__Exercise details__. Each entry is to be given again precisely, and no picture may be carried over.

__Source records__.
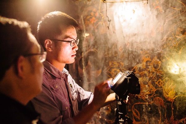 在海拔4020米的江孜地区开展调研,实践团成员需克服高原反应,将在两周的实践中从无损检测、激光扫描、摄影测量、测绘等四个方面有序开展实践活动。江孜老街历史悠久,多数建筑年久失修,而某些古建房间中的壁画是一本本的活历史,记录着当地宗教文化历史,具有较高的研究价值。无损检测组的成员将利用热成像监测仪对壁画的病灶进行分析评估,提出下一步应对保护建议;激光扫描组顶着烈日仔细摄录古城建筑内外立面;摄影测量组操控无人机扫描建筑总体概况;测绘组成员穿梭在矮小局促的房间中认真记录测绘数据。“雪域天珠”实践团的成员们克服建筑年久失修的危险性,怀着一份对建筑历史遗产的敬畏感和文化传承的使命感将自身专业知识融入实践活动中,为古建筑遗产保护献上一己之力。
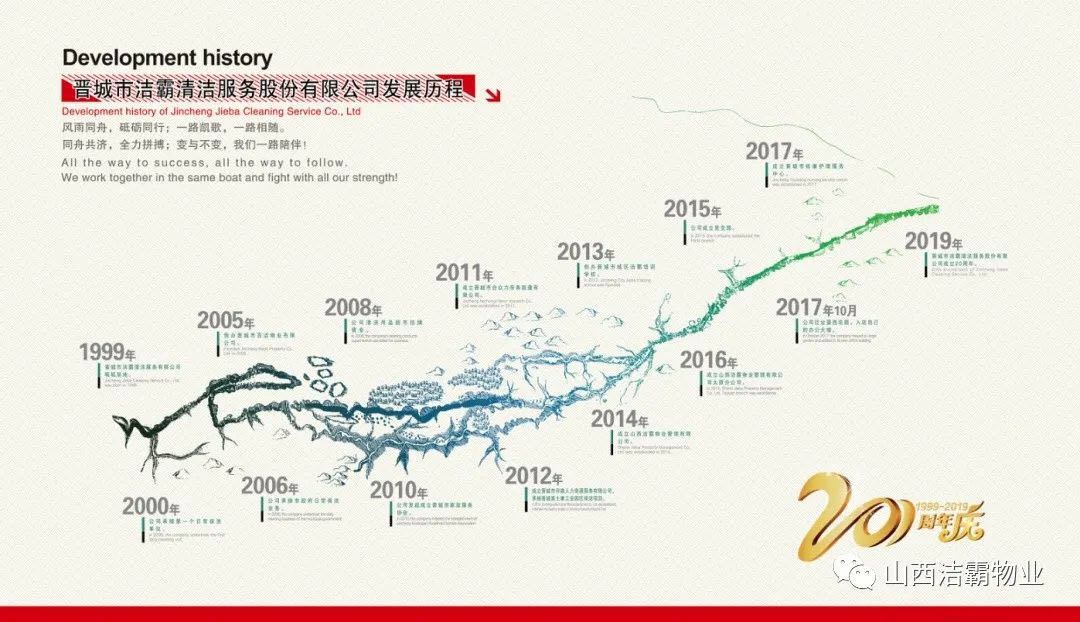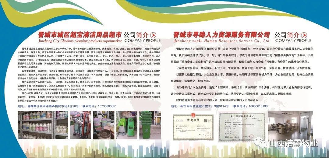 20年砥礪奮進,從一個租賃兩間辦公室名不見經傳的小公司,成長為擁有擁有辦公場所1500余平米,總資產逾千萬元,員工1500余人的晉城市家政行業的標桿企業,潔霸完成了精彩跨越,“做清潔行業的霸主”的發展定位從未改變。
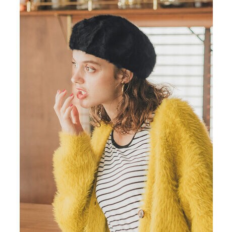 フェイクファー ベレー帽
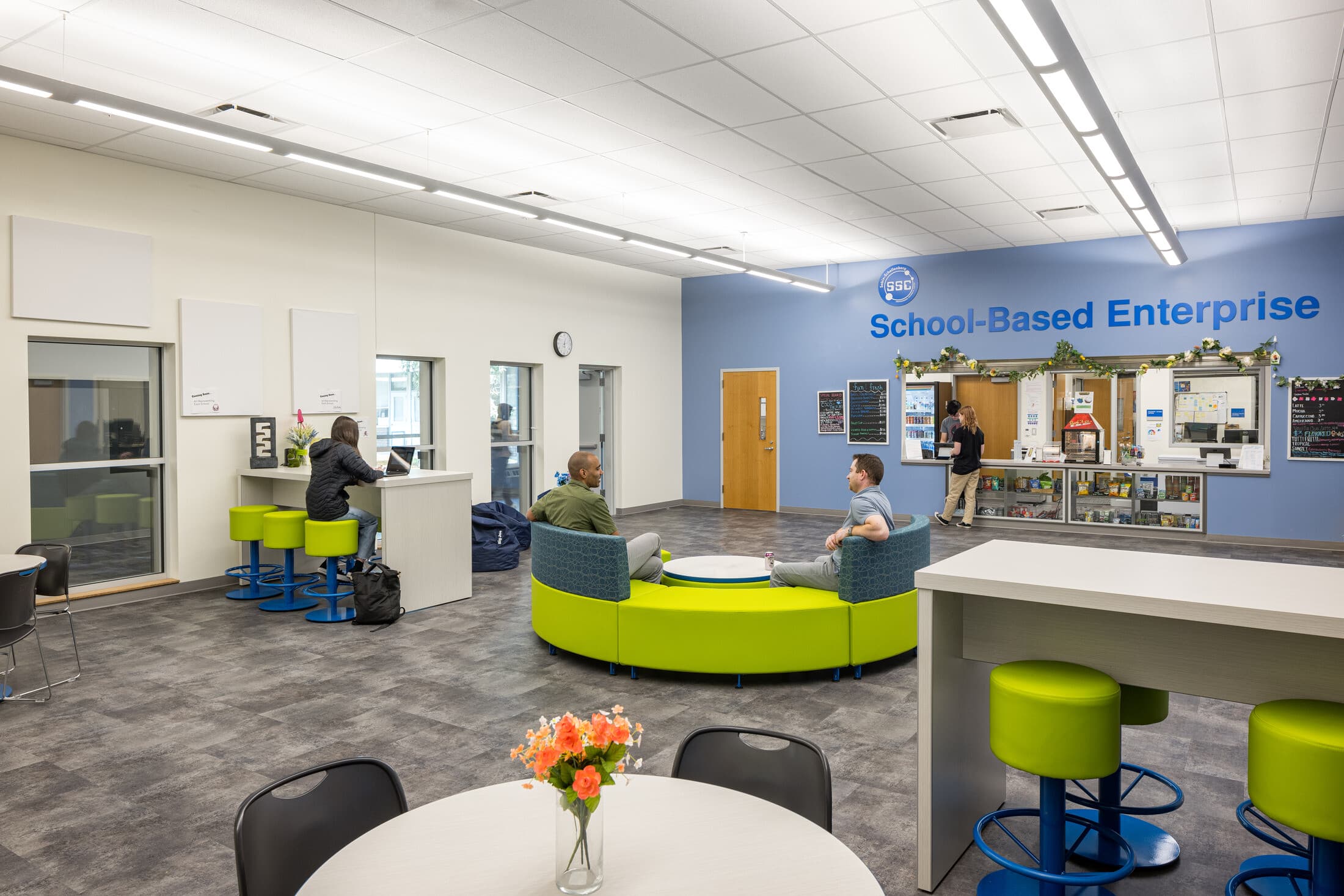 The Administration offices are at the heart of a smoothly running school. Located at the front of the school, with supervision of the main entry, parking and also into the school. Administrative offices should be located adjacent to Student Support Spaces but with separate student entries to both. Offices are needed for some staff who have frequent confidential conversations and unassigned offices are available to other staff that are located in open areas. Both Admin and Support Services should be welcoming and inviting to all, have good supervision within and to the rest of the school, and should be easily accessible.
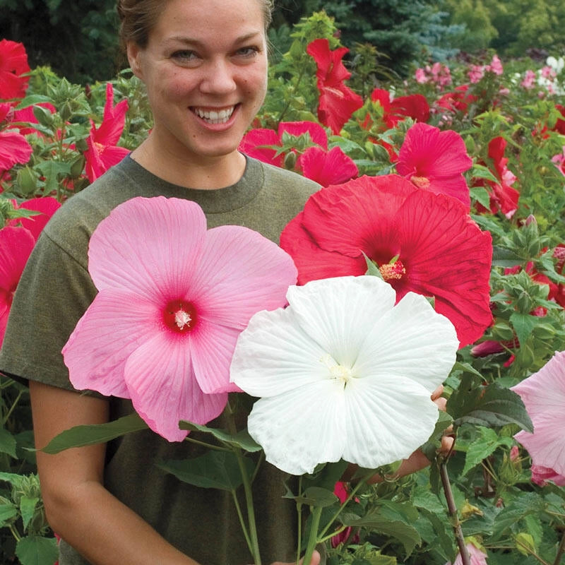 These hibiscus will produce huge, exotic-looking blooms measuring 8–10" across! Includes a mix of red, white and pink flowers with large, rounded, overlapping petals. Plant several together to form a gorgeous flowering hedge! While new shoots are sl
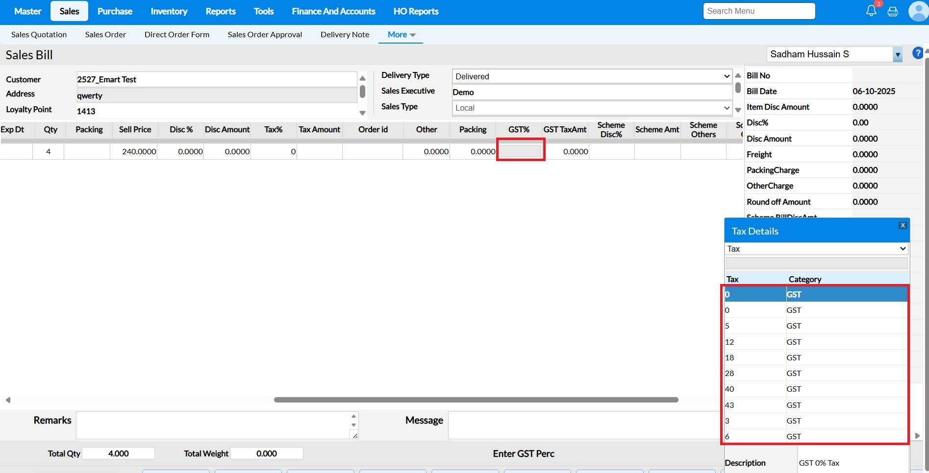 The Item Name, Sell Price, and Tax% will auto-populate.
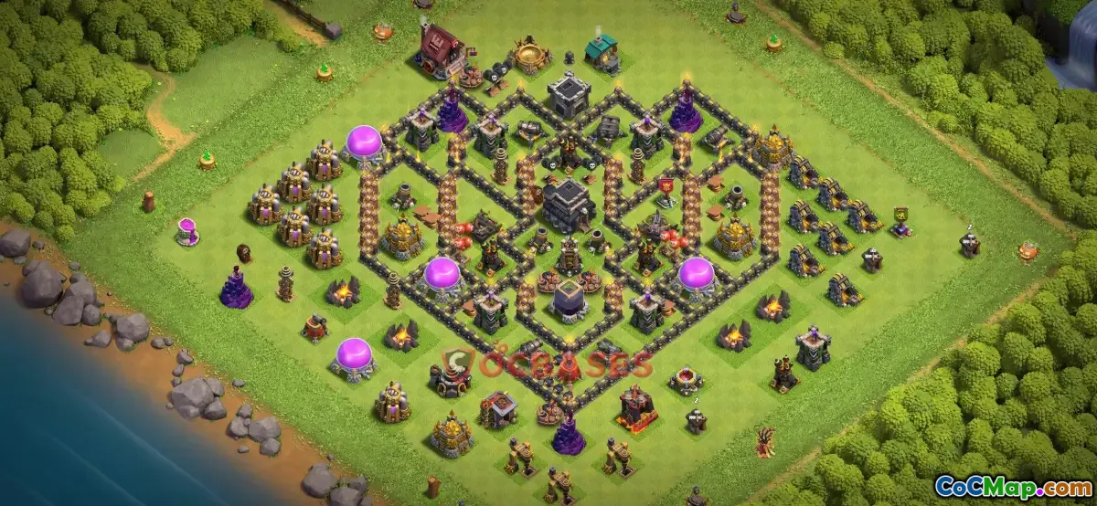 One of the key features of this base is its emphasis on safeguarding the resource storages, which are placed centrally within the base, surrounded by walls and defensive units. The design also incorporates traps and Secret Walls to mislead attackers and reduce the success rate of their raids. This setup encourages enemies to deploy spells and troops inefficiently, giving the defender a better chance of fending off resource theft. The base’s layout is suitable for players seeking a balanced approach to defending their loot while maintaining a farming-oriented gameplay style.
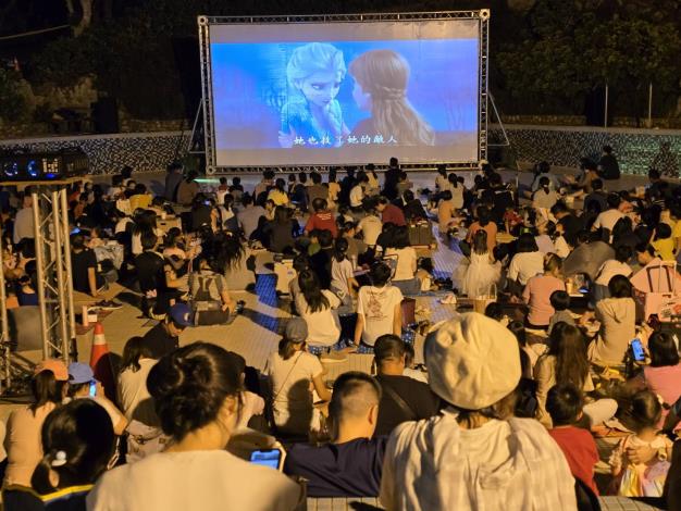 交旅處表示,當晚播放的是深受全齡觀眾喜愛的迪士尼動畫《冰雪奇緣2》,隨著電影配樂響起,全場輕聲唱和,笑聲與音樂交織成歡樂氛圍。乾冰特效在銀幕前緩緩飄散,營造出奇幻場景,令現場觀眾驚呼連連,彷彿置身艾倫戴爾王國。現場提供免費爆米花與茶飲,香氣四溢,成為觀影時最受歡迎的小確幸。
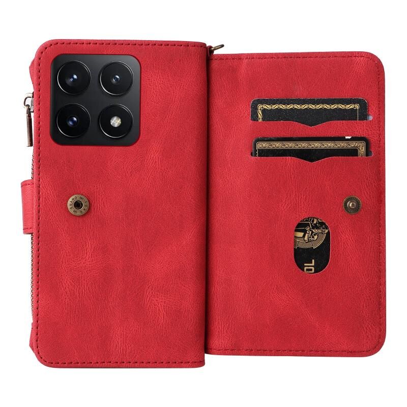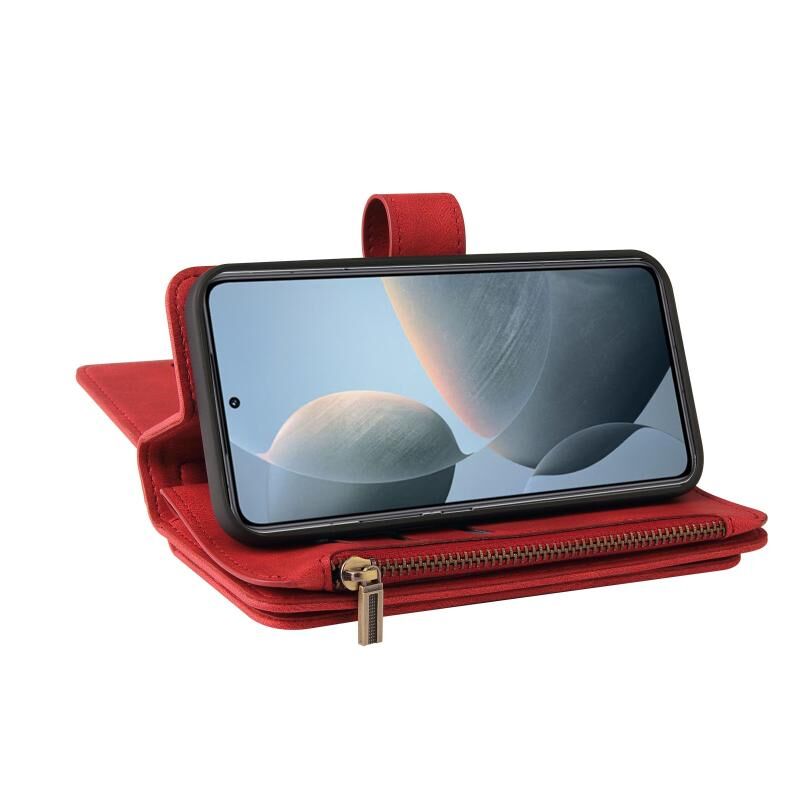 Για Xiaomi 14T δέρμα αίσθηση πολλαπλών καρτών υποδοχές φερμουάρ πορτοφόλι δερμάτινη θήκη τηλεφώνου (κόκκινο)

__Solution for this exercise__.
 在海拔4020米的江孜地区开展调研,实践团成员需克服高原反应,将在两周的实践中从无损检测、激光扫描、摄影测量、测绘等四个方面有序开展实践活动。江孜老街历史悠久,多数建筑年久失修,而某些古建房间中的壁画是一本本的活历史,记录着当地宗教文化历史,具有较高的研究价值。无损检测组的成员将利用热成像监测仪对壁画的病灶进行分析评估,提出下一步应对保护建议;激光扫描组顶着烈日仔细摄录古城建筑内外立面;摄影测量组操控无人机扫描建筑总体概况;测绘组成员穿梭在矮小局促的房间中认真记录测绘数据。“雪域天珠”实践团的成员们克服建筑年久失修的危险性,怀着一份对建筑历史遗产的敬畏感和文化传承的使命感将自身专业知识融入实践活动中,为古建筑遗产保护献上一己之力。
 20年砥礪奮進,從一個租賃兩間辦公室名不見經傳的小公司,成長為擁有擁有辦公場所1500余平米,總資產逾千萬元,員工1500余人的晉城市家政行業的標桿企業,潔霸完成了精彩跨越,“做清潔行業的霸主”的發展定位從未改變。
 フェイクファー ベレー帽
 The Administration offices are at the heart of a smoothly running school. Located at the front of the school, with supervision of the main entry, parking and also into the school. Administrative offices should be located adjacent to Student Support Spaces but with separate student entries to both. Offices are needed for some staff who have frequent confidential conversations and unassigned offices are available to other staff that are located in open areas. Both Admin and Support Services should be welcoming and inviting to all, have good supervision within and to the rest of the school, and should be easily accessible.
 These hibiscus will produce huge, exotic-looking blooms measuring 8–10" across! Includes a mix of red, white and pink flowers with large, rounded, overlapping petals. Plant several together to form a gorgeous flowering hedge! While new shoots are sl
 The Item Name, Sell Price, and Tax% will auto-populate.
 One of the key features of this base is its emphasis on safeguarding the resource storages, which are placed centrally within the base, surrounded by walls and defensive units. The design also incorporates traps and Secret Walls to mislead attackers and reduce the success rate of their raids. This setup encourages enemies to deploy spells and troops inefficiently, giving the defender a better chance of fending off resource theft. The base’s layout is suitable for players seeking a balanced approach to defending their loot while maintaining a farming-oriented gameplay style.
 交旅處表示,當晚播放的是深受全齡觀眾喜愛的迪士尼動畫《冰雪奇緣2》,隨著電影配樂響起,全場輕聲唱和,笑聲與音樂交織成歡樂氛圍。乾冰特效在銀幕前緩緩飄散,營造出奇幻場景,令現場觀眾驚呼連連,彷彿置身艾倫戴爾王國。現場提供免費爆米花與茶飲,香氣四溢,成為觀影時最受歡迎的小確幸。
 Για Xiaomi 14T δέρμα αίσθηση πολλαπλών καρτών υποδοχές φερμουάρ πορτοφόλι δερμάτινη θήκη τηλεφώνου (κόκκινο)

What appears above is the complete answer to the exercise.